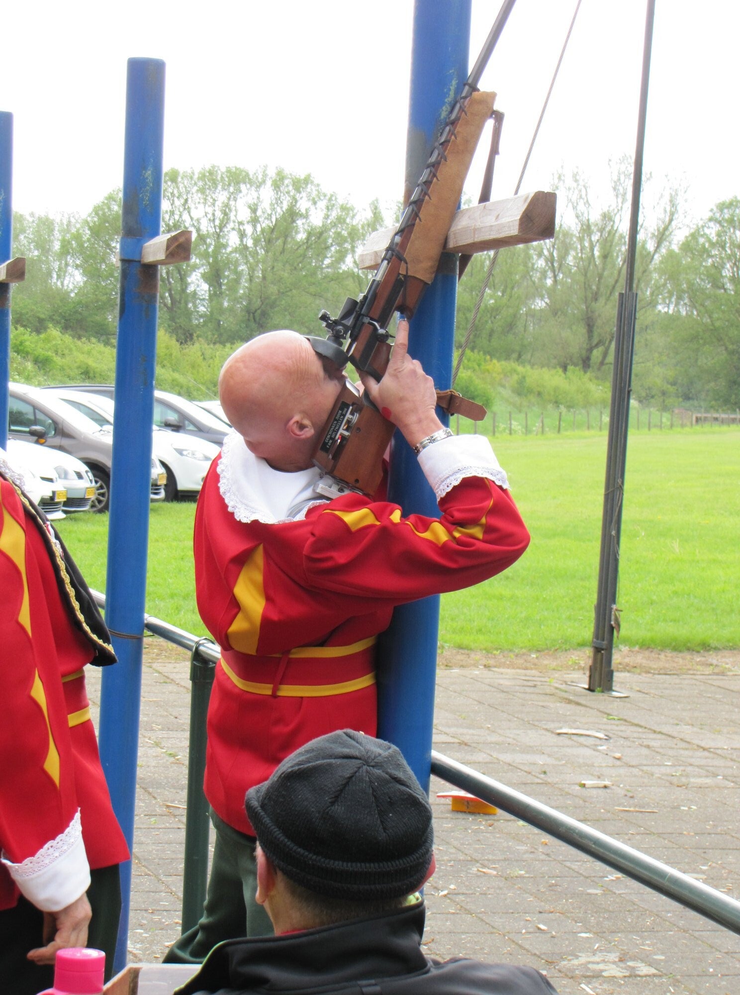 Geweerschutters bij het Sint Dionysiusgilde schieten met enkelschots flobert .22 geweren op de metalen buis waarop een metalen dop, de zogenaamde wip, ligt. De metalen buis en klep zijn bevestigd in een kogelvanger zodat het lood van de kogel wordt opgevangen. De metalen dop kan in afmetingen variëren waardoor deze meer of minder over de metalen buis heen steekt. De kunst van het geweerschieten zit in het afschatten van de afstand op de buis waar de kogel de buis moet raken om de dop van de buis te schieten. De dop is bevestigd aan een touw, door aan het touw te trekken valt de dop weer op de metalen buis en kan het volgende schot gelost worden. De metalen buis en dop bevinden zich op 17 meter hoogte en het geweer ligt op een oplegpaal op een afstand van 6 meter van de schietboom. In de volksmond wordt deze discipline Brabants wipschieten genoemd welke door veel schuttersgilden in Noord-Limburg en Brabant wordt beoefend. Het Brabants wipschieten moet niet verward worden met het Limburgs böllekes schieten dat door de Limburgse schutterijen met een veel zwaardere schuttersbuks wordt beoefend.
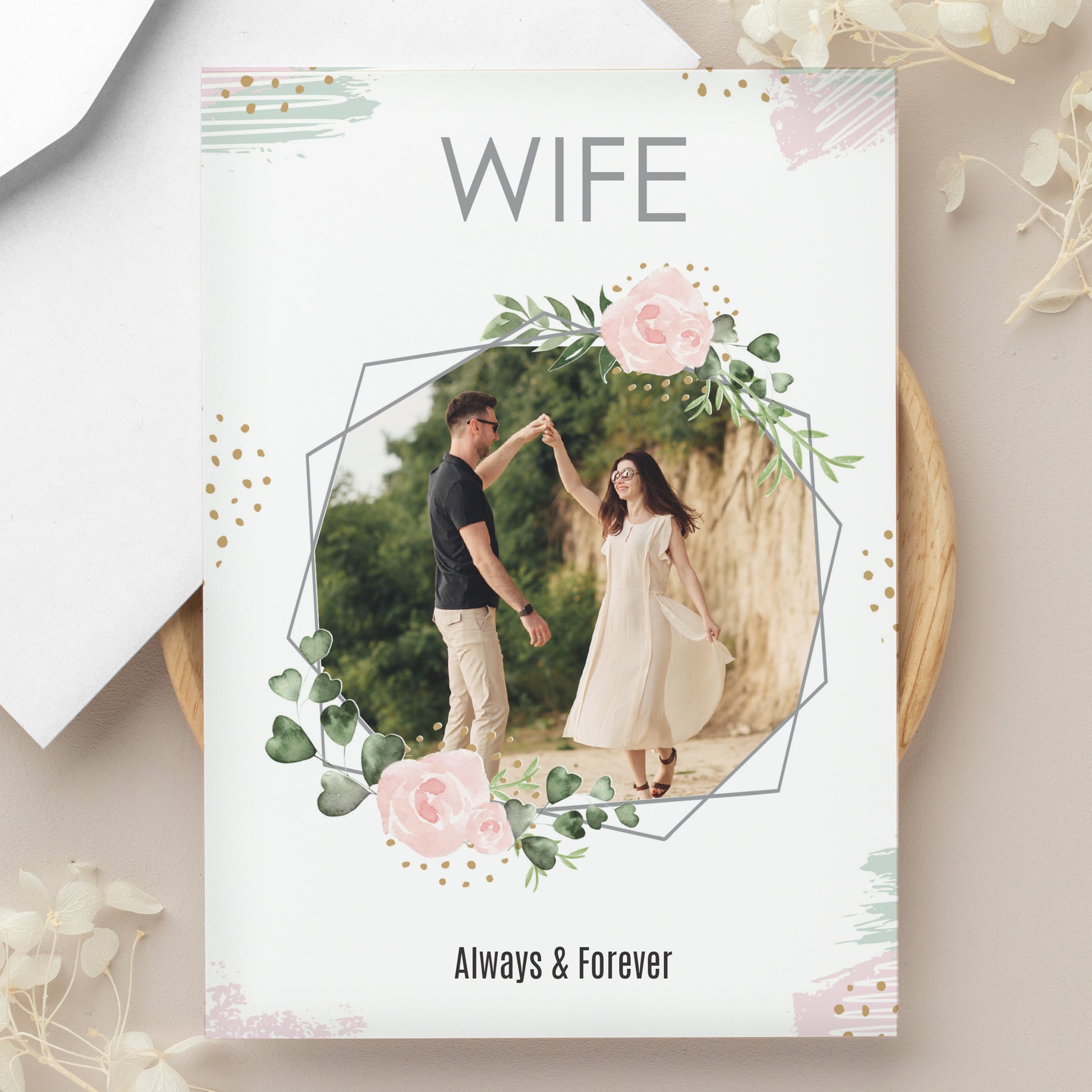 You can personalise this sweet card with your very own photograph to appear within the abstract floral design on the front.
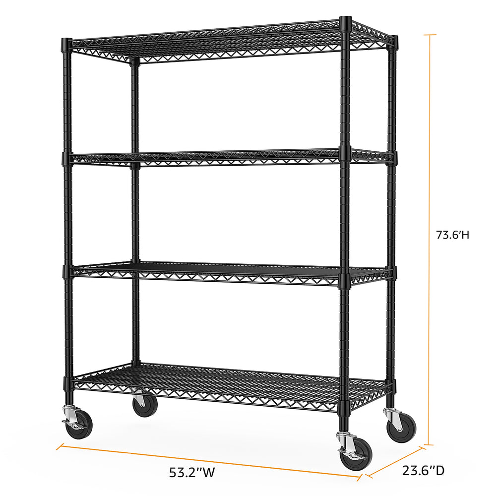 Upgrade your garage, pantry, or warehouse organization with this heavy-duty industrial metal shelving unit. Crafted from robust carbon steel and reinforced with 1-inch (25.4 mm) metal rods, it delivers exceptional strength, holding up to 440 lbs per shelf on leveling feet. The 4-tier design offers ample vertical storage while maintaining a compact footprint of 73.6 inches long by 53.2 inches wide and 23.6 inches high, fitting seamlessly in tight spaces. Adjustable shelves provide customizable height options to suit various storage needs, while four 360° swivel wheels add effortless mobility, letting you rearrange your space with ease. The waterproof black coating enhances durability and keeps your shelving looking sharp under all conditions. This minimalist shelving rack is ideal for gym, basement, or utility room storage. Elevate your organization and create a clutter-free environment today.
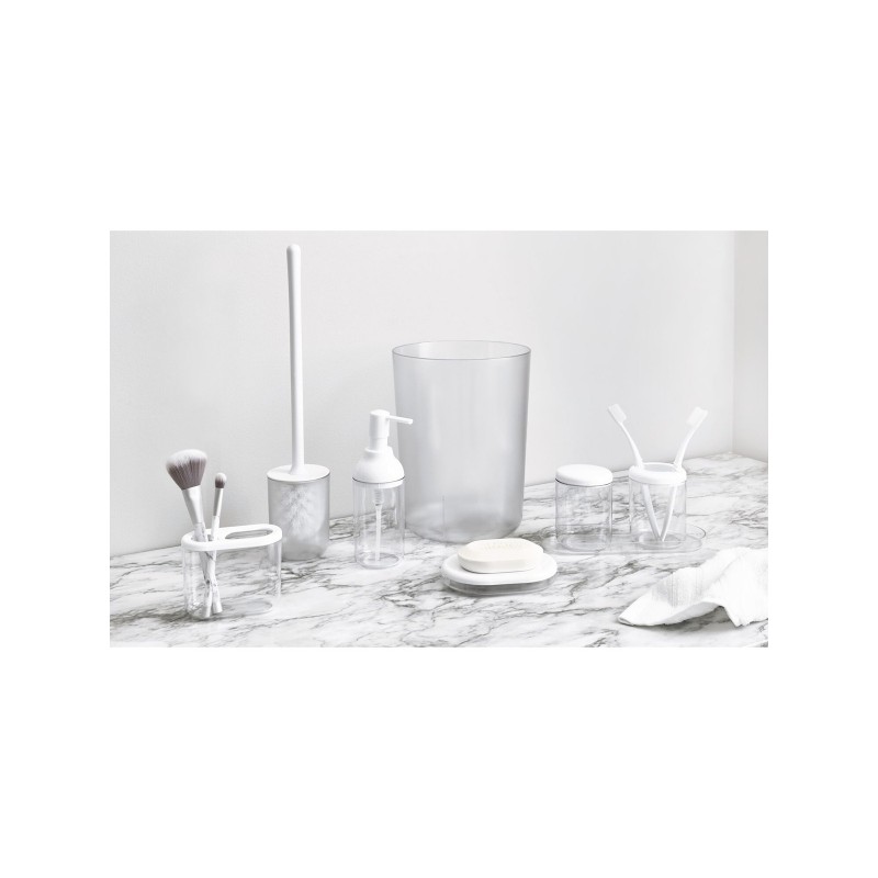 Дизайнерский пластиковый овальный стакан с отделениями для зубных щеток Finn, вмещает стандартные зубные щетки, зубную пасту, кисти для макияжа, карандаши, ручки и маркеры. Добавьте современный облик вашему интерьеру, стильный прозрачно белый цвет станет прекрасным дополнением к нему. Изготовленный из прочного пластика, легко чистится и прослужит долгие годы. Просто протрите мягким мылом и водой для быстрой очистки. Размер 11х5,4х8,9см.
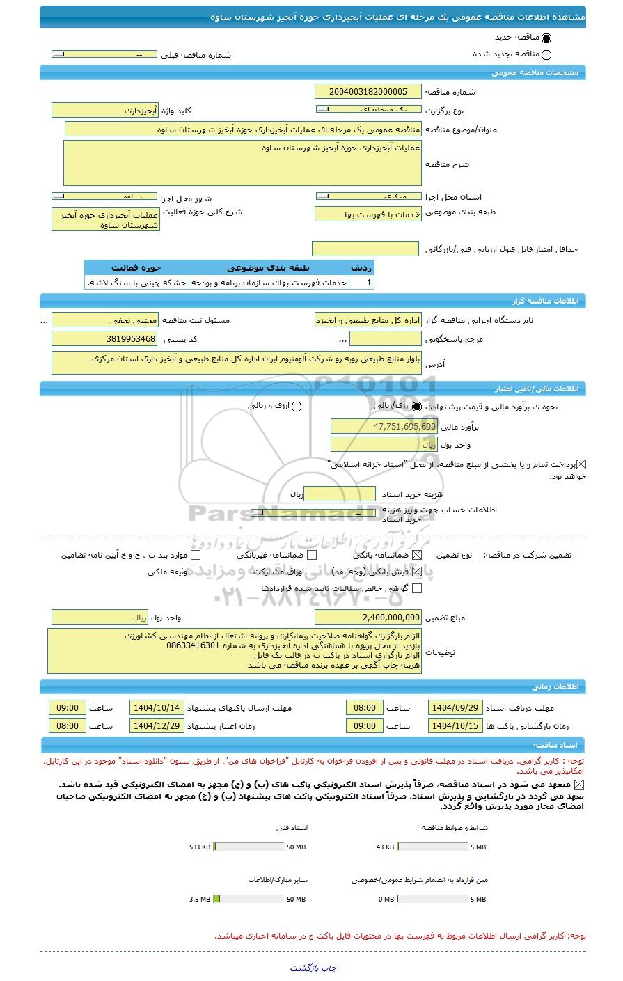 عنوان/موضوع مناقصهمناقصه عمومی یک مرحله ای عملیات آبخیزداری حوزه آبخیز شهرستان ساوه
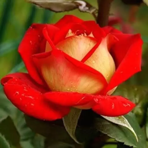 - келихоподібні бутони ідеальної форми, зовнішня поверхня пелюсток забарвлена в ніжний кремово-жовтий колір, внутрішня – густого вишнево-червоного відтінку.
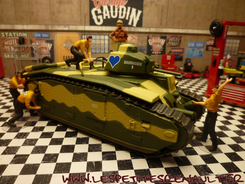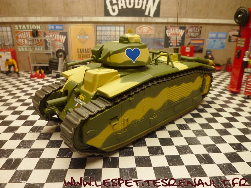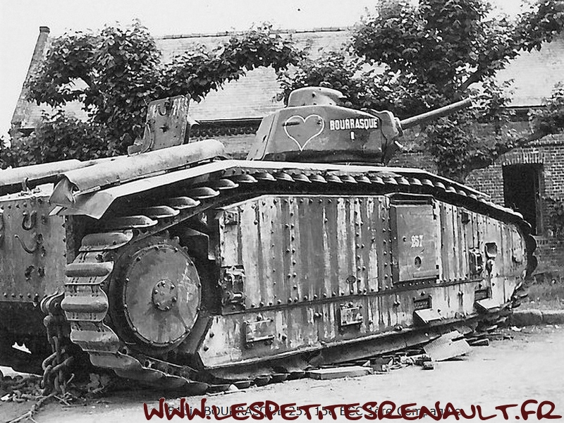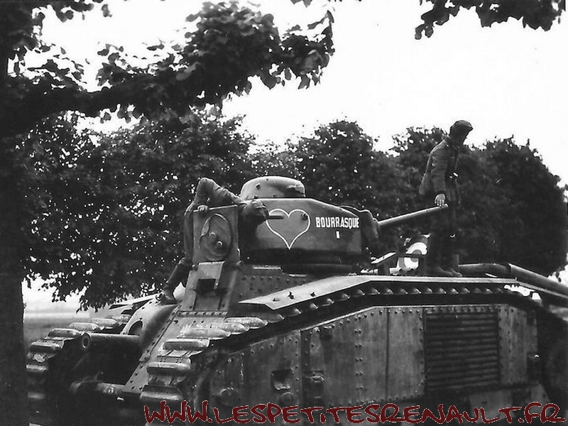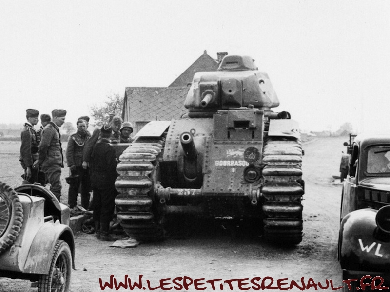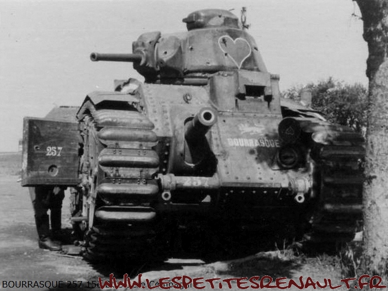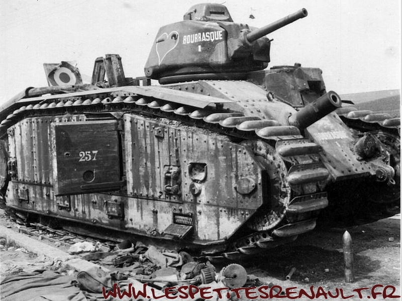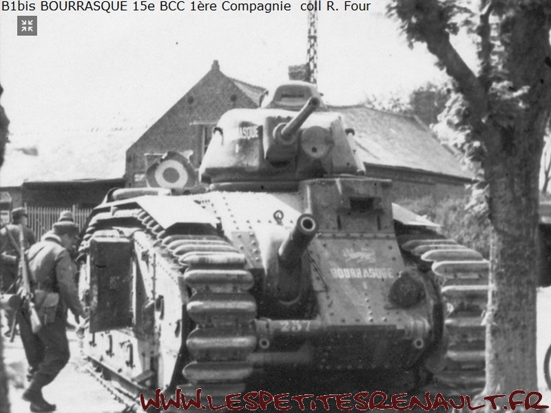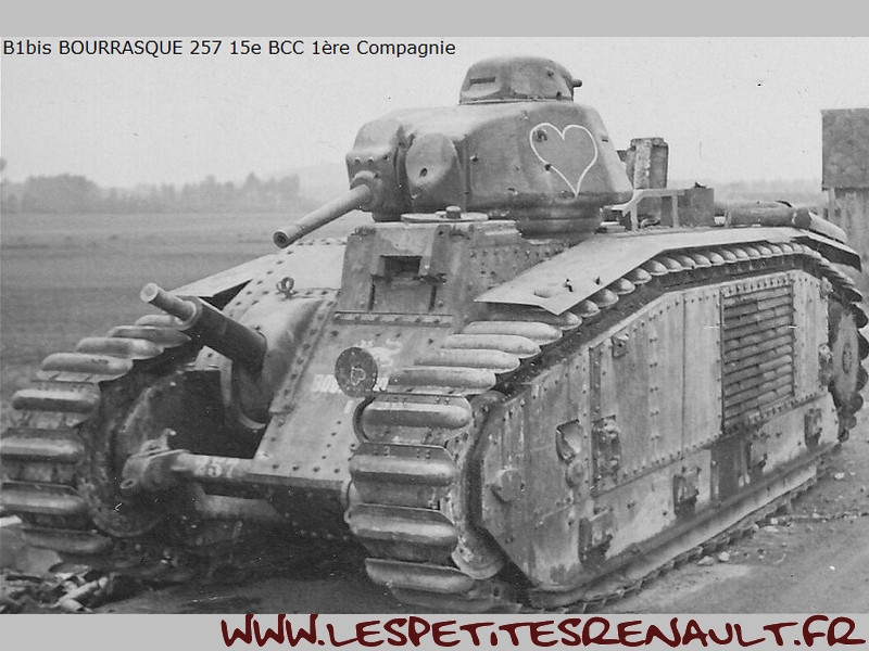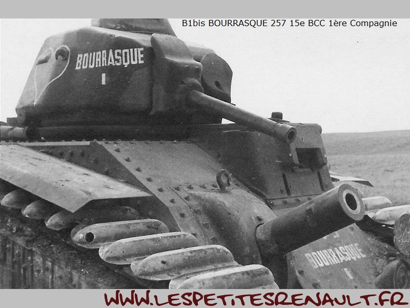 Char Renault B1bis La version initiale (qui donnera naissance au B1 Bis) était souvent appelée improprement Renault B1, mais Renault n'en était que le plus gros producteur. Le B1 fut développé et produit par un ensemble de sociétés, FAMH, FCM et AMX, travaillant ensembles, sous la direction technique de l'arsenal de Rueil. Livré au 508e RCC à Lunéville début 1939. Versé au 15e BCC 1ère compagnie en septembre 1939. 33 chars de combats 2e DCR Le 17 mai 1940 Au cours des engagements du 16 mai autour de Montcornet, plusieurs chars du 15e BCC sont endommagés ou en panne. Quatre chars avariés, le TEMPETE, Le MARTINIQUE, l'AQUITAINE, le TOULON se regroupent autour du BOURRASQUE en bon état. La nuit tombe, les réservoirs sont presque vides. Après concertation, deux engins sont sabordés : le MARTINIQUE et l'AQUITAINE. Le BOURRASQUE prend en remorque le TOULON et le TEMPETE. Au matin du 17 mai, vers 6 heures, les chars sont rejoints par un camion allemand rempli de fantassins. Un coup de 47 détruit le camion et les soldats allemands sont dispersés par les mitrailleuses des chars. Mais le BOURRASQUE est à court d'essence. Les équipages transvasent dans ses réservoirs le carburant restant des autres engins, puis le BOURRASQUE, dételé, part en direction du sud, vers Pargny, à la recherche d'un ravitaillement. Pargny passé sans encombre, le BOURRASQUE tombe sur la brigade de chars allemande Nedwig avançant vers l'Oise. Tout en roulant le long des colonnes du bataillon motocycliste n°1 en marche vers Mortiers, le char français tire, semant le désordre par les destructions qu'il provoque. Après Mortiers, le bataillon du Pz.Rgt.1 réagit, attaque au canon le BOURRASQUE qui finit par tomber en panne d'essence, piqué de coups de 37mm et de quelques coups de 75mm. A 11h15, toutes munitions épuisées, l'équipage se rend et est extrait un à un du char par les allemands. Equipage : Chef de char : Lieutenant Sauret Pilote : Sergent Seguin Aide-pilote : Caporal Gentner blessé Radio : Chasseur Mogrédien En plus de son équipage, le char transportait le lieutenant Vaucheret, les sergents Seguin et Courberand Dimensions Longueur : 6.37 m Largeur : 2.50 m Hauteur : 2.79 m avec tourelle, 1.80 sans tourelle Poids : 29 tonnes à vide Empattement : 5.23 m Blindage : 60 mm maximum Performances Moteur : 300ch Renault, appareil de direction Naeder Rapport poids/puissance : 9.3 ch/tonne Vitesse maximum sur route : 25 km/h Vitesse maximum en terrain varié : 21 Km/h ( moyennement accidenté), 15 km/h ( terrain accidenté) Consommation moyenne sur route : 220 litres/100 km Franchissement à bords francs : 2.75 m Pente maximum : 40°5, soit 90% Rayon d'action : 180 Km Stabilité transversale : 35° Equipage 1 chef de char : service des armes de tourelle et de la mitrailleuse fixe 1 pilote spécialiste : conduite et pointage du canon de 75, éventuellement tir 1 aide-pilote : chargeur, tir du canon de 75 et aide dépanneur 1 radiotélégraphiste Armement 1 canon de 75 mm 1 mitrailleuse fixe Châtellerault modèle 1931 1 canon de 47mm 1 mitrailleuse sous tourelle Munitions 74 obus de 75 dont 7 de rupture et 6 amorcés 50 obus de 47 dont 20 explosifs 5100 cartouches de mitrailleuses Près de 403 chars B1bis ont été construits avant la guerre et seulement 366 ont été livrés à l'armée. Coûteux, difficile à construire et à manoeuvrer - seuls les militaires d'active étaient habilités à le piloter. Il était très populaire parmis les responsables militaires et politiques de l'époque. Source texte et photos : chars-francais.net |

=== WHAT THE TASK REQUIRES ===
Retype, exactly and with no pictures, everything above from the line with "You can personalise" down to the line with "Upgrade your garage, pantry, or", both included.

=== REPLY ===
 You can personalise this sweet card with your very own photograph to appear within the abstract floral design on the front.
 Upgrade your garage, pantry, or warehouse organization with this heavy-duty industrial metal shelving unit. Crafted from robust carbon steel and reinforced with 1-inch (25.4 mm) metal rods, it delivers exceptional strength, holding up to 440 lbs per shelf on leveling feet. The 4-tier design offers ample vertical storage while maintaining a compact footprint of 73.6 inches long by 53.2 inches wide and 23.6 inches high, fitting seamlessly in tight spaces. Adjustable shelves provide customizable height options to suit various storage needs, while four 360° swivel wheels add effortless mobility, letting you rearrange your space with ease. The waterproof black coating enhances durability and keeps your shelving looking sharp under all conditions. This minimalist shelving rack is ideal for gym, basement, or utility room storage. Elevate your organization and create a clutter-free environment today.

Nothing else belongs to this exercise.